Synthesizing Program Input Grammars (1608.01723v2)

Published 5 Aug 2016 in cs.PL

Abstract: We present an algorithm for synthesizing a context-free grammar encoding the language of valid program inputs from a set of input examples and blackbox access to the program. Our algorithm addresses shortcomings of existing grammar inference algorithms, which both severely overgeneralize and are prohibitively slow. Our implementation, GLADE, leverages the grammar synthesized by our algorithm to fuzz test programs with structured inputs. We show that GLADE substantially increases the incremental coverage on valid inputs compared to two baseline fuzzers.

Citations (175)

View on Semantic Scholar

Summary

The paper presents a practical algorithm for synthesizing context-free grammars from program inputs using examples and blackbox access, addressing limitations of existing grammar inference techniques.
The algorithm operates in two phases, first synthesizing a regular expression from examples and then inducing recursive properties to form a context-free grammar, using a membership oracle for precision.
Empirical results show the synthesized grammar significantly increases fuzzer coverage (up to six times) compared to baselines, demonstrating utility for fuzzing, reverse engineering, and input whitelisting.

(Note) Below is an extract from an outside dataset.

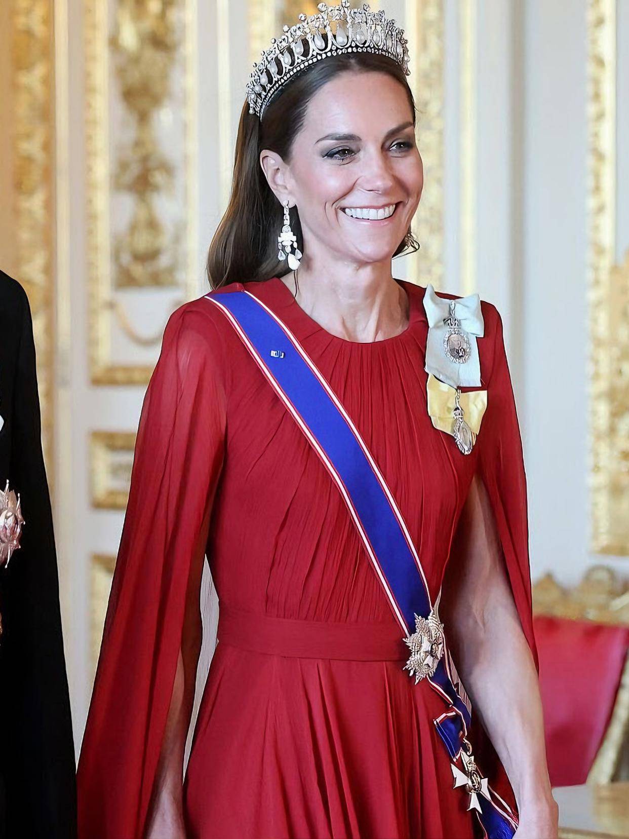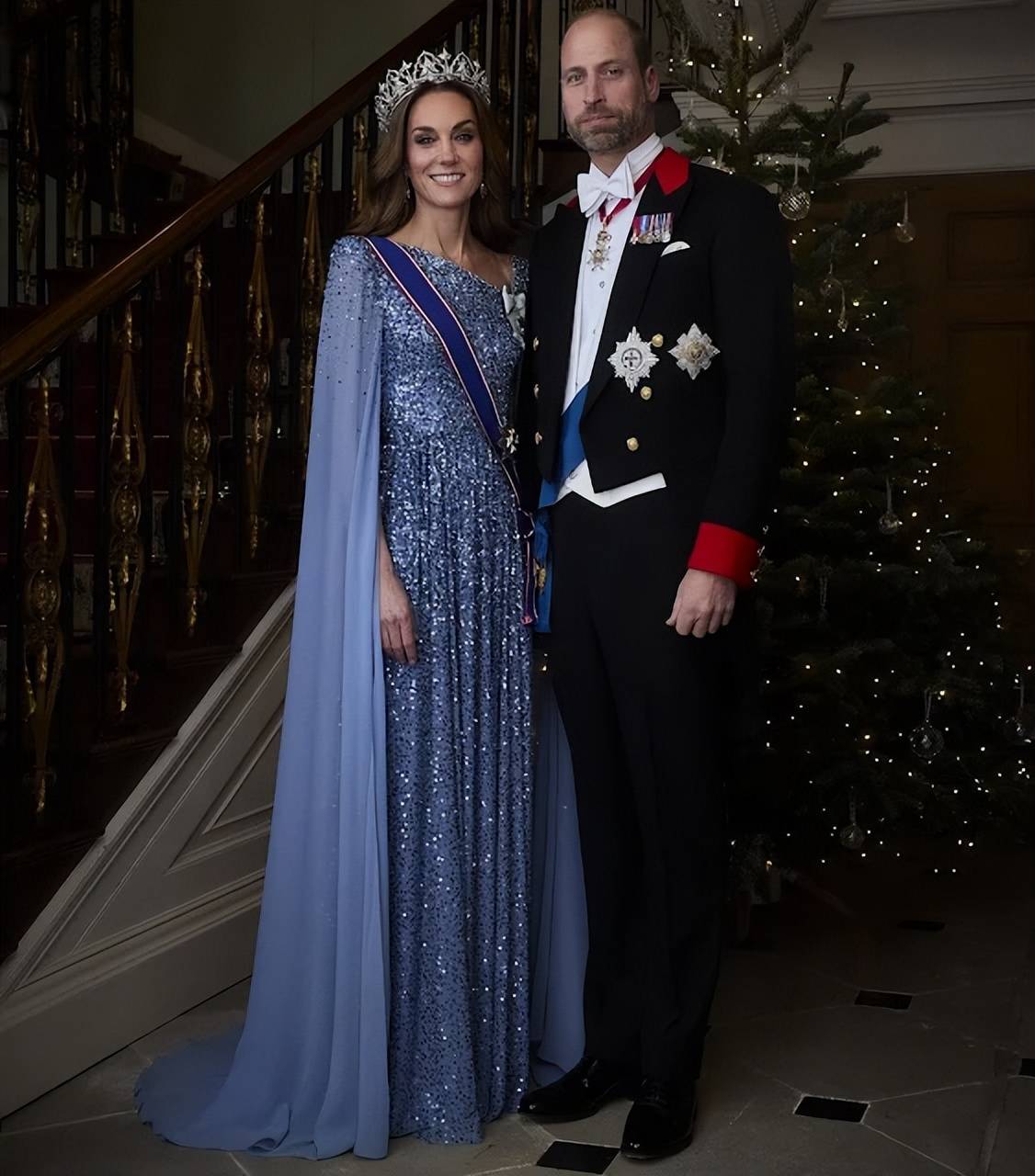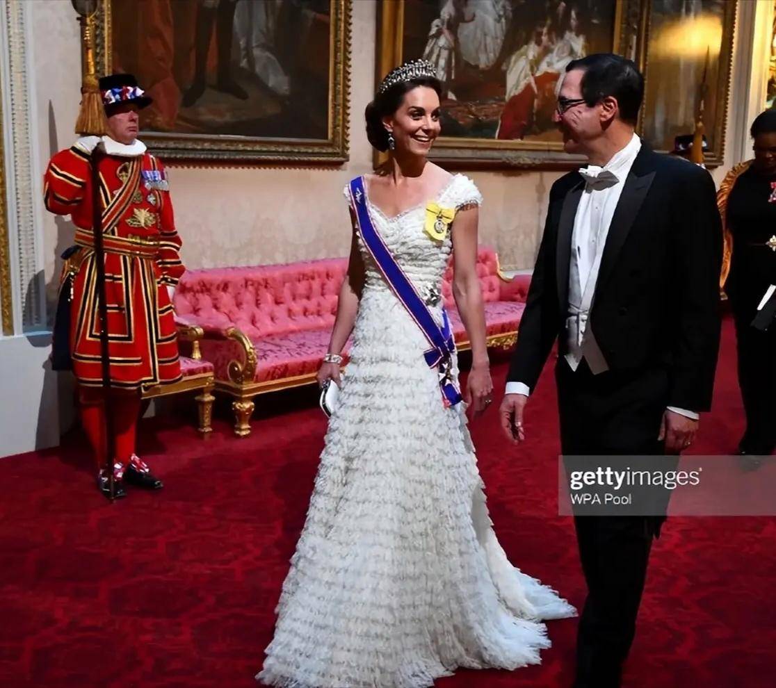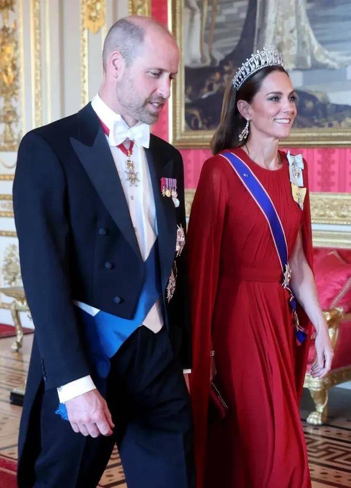 她还佩戴了象征王室身份的皇家维多利亚勋章绶带和星章,完成了从王妃到未来王后的形象升华。 整个造型在温莎城堡的宴会厅里,散发着不容忽视的华贵光芒。

Synthesizing Program Input Grammars: A Detailed Overview

This paper presents an innovative approach to synthesizing context-free grammars that encode the language of valid program inputs. The approach is based on a novel algorithm that leverages a set of input examples alongside blackbox access to the program. The proposed algorithm aims to overcome significant limitations inherent in existing grammar inference algorithms, which tend to either severely overgeneralize or suffer from prohibitively slow performance.

Summary of the Paper

The primary contribution of the paper is a practical algorithm designed to synthesize context-free grammars from program inputs. The algorithm constructs a grammar by first transforming a given set of seed inputs into a series of increasingly general languages. The algorithm utilizes a membership oracle to ensure that these generated languages remain precision-preserving. In essence, the approach addresses the challenge of synthesizing inputs that are both sufficiently general and precise within a blackbox setting.

Methodology

The algorithm proceeds through two distinct phases:

Regular Expression Synthesis: The first phase transforms the seed input into a regular expression that encodes repetitive and alternative constructs. This transformation leverages a meta-grammar approach that systematically applies generalization steps anchored to the presence of repetitions and alternations in the example inputs.
Recursive Property Induction: In the second phase, the algorithm elevates the synthesized regular expression to a context-free grammar by identifying and merging nonterminals that correspond to repeated subexpressions. This merging process effectively captures recursive structures often present in program input languages like XML or programming language syntax.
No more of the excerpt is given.